Práticas persecutórias, cada vez mais e mais sofisticadas, algumas das quais abordadas neste evento, também são exemplo de que muito longe nos encontramos de construir um patamar mínimo de respeito à cidadania e garantia de direito ao trabalho inclusivo e socialmente respeitado.
A negação do trabalho como elemento de inclusão social é uma realidade. Continuamos sob a égide do firmado por Michel Foucault : “A função de transformação do corpo em força de trabalho responde à função de transformação do tempo em tempo de trabalho”. E só!

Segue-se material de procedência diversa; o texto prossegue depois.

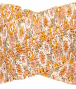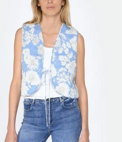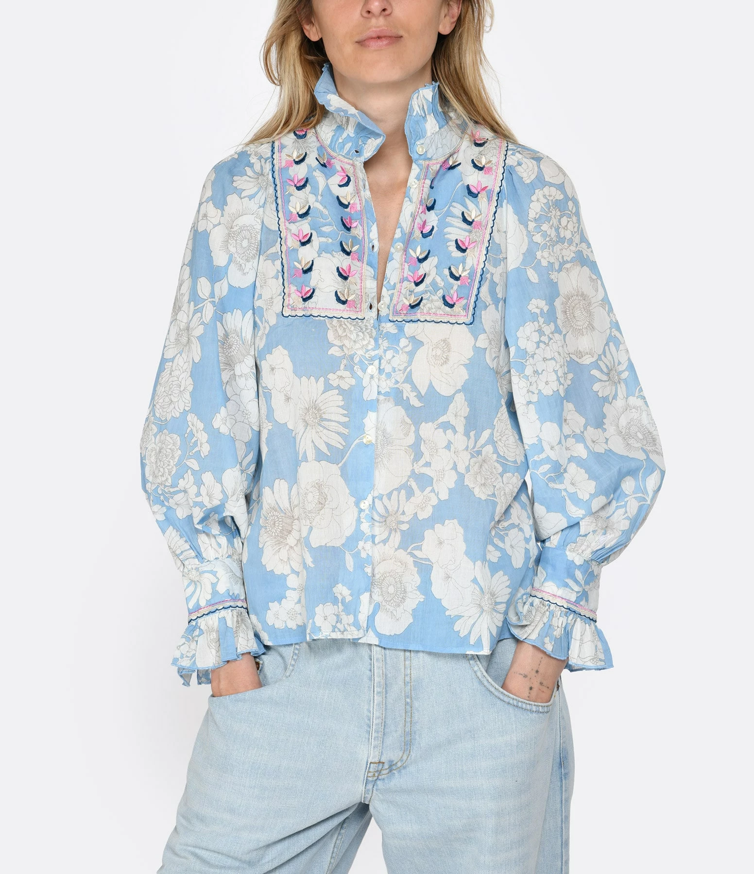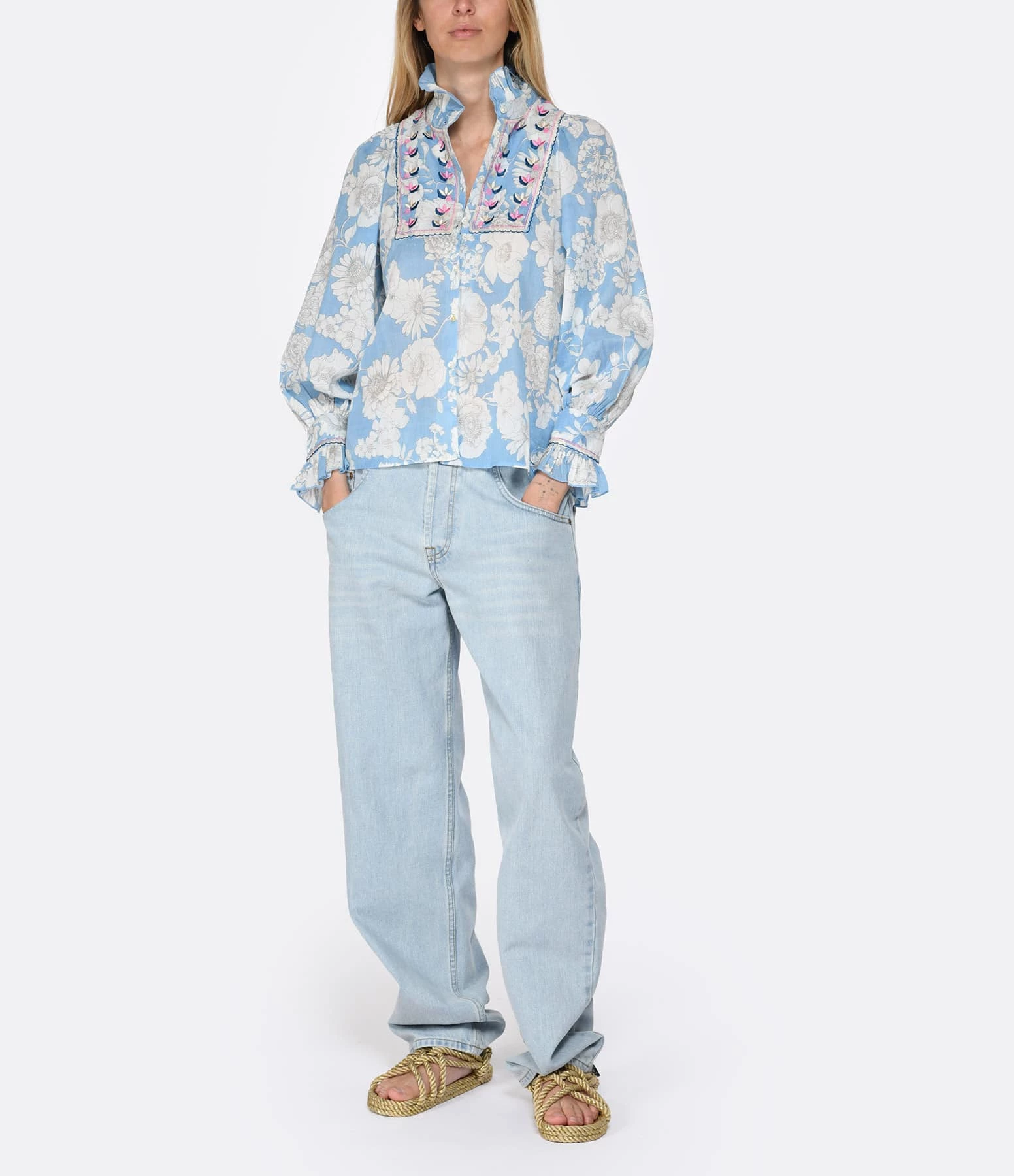 Blouse à imprimé fleuri sur fond bleu. Détails brodé en bleu et rose fluo au niveau supérieur du buste. Col montant volanté. Fermeture par boutons nacrés blancs sur le devant. Manches longues avec poignets resserrés par boutons et volants. Coupe droite. Base droite.

O mesmo se pode dizer com relação à luta dos trabalhadores pela terra, por um modelo de produção que não seja o do asfixiante e oligopólico agronegócio. Não nos é estranha essa luta, inclusive pelo conhecimento e pela convivência com companheiros camponeses, advogados, religiosos e outros que continuam – com risco de vida – enfrentando o latifúndio e seus braços armados, às vezes militares ou paramilitares.
O direito à terra e a uma produção voltada para os reais necessidades alimentares dos povos continua a ser um objetivo ainda inalcançado na maior parte dos países, em inequívoco atentado ao comezinho direito à própria vida, portanto.
É preciso, pois, construir um novo modelo. Justo, socialmente e ambientalmente responsável. Permeado pela solidariedade individual e social, e não se olvidando, como bem lembrado neste evento, que os sistemas de Previdência e Seguridade são parte integrante dessa nova ordem cidadã e civilizatória.
Quanto mais formos às raízes da nossa História, à memória e à verdade, mais profundamente avançaremos, superando o terrível passado que não só deita sombras sobre o hoje, mas ainda se faz presente.
Afinal, como consignou uma escritora brasileira (Teresa Urban), “toda forma de violência deve ser denunciada, ontem e hoje”.

* Marcelo Chalréo – Conselheiro e Vice-Presidente da Comissão de Direitos Humanos da Ordem dos Advogados do Brasil, Seção do Rio de Janeiro.